Le Gouvernement devra trouver la quadrature du cercle pour équilibrer un texte qui sert à la fois d’effacement des crimes du processus et de loi justifiable par le Cour constitutionnelle présidé par Cándido Conde-Pumpido. Politiquement, le défi ne sera pas mineur et impliquera la rédaction d’un exposé des motifs qui ne prend pas pour argent comptant ni l’histoire du mouvement indépendantiste ni celle de l’État, mais qui ne remet pas non plus en question l’action d’aucun de ces partis.
Cet argument expliqué par l’Exécutif vise à coïncider avec les résolutions du Table de dialogue avec la Catalognequi s’est réuni trois fois au cours de la dernière législature, avec la seule participation de l’ERC, et qui a progressé dans certains accords liés à la déjudiciarisation.
Dans le cas de l’amnistie, la Moncloa tentera de rendre la loi cohérente avec ces références et fera allusion « dans l’intérêt général », c’est-à-dire fermer les blessures du processus sans justifier l’autodétermination, comme le réclament les indépendantistes, mais avec des garanties pour l’État. Ainsi, les socialistes tentent de convaincre ERC et Junts d’une motivation qui renonce explicitement à l’unilatéralisme et admet que ce qui a été fait en 2017 était très mauvais et ne se reproduira plus.
[Pedro Sánchez acepta el « mediador » para negociar con ERC y Junts si no es un ente internacional]
« Qui s’en soucie »
« Il y a plus d’options pour un accord que pour de nouvelles élections », affirme un autre membre du gouvernement. « Peu importe de qui il s’agit », dit-il.
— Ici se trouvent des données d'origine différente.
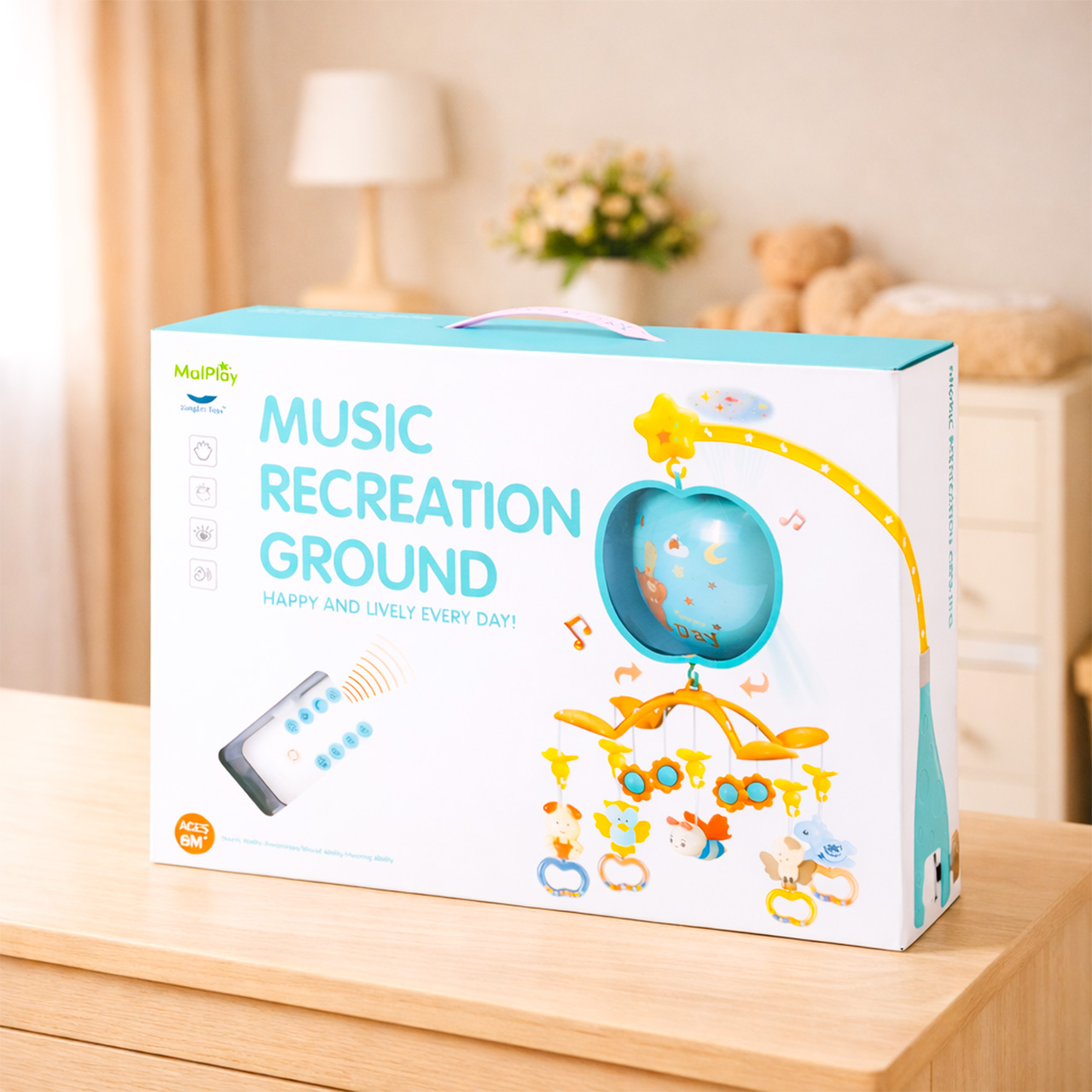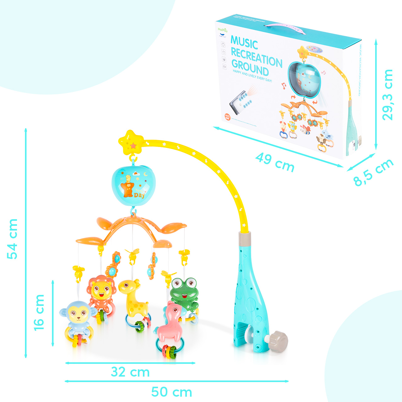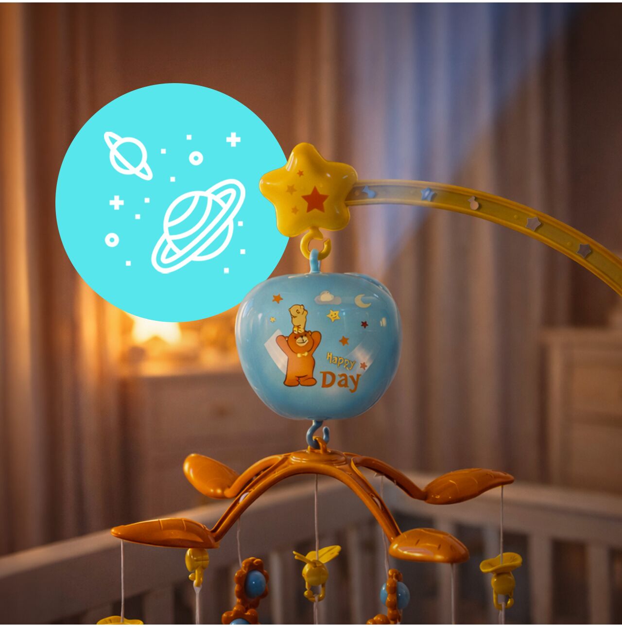 - Zastosowanie: łóżeczko niemowlęce, wyciszenie, sen, zabawa sensoryczna

Il dit ce dernier en référence aux tirs amis de personnages historiques du PSOE tels que Felipe GonzálezJordi Sevilla ou Emiliano García-Page, opposés à l’amnistie comme mécanisme pour habiliter le pouvoir législatif.
Dans le coin opposé du ring se trouve un autre poids lourd, José Luis Rodríguez-Zapatero, décisif lors de la précédente campagne électorale et actuel fer de lance médiatique du PSOE. Face à la réduction au silence de González, Séville et Page, le dernier ancien président socialiste s’est imposé comme la mitrailleuse idéologique du parti avec laquelle, de plateau en plateau, ils justifient l’amnistie et construisent les fondements argumentatifs de la Moncloa.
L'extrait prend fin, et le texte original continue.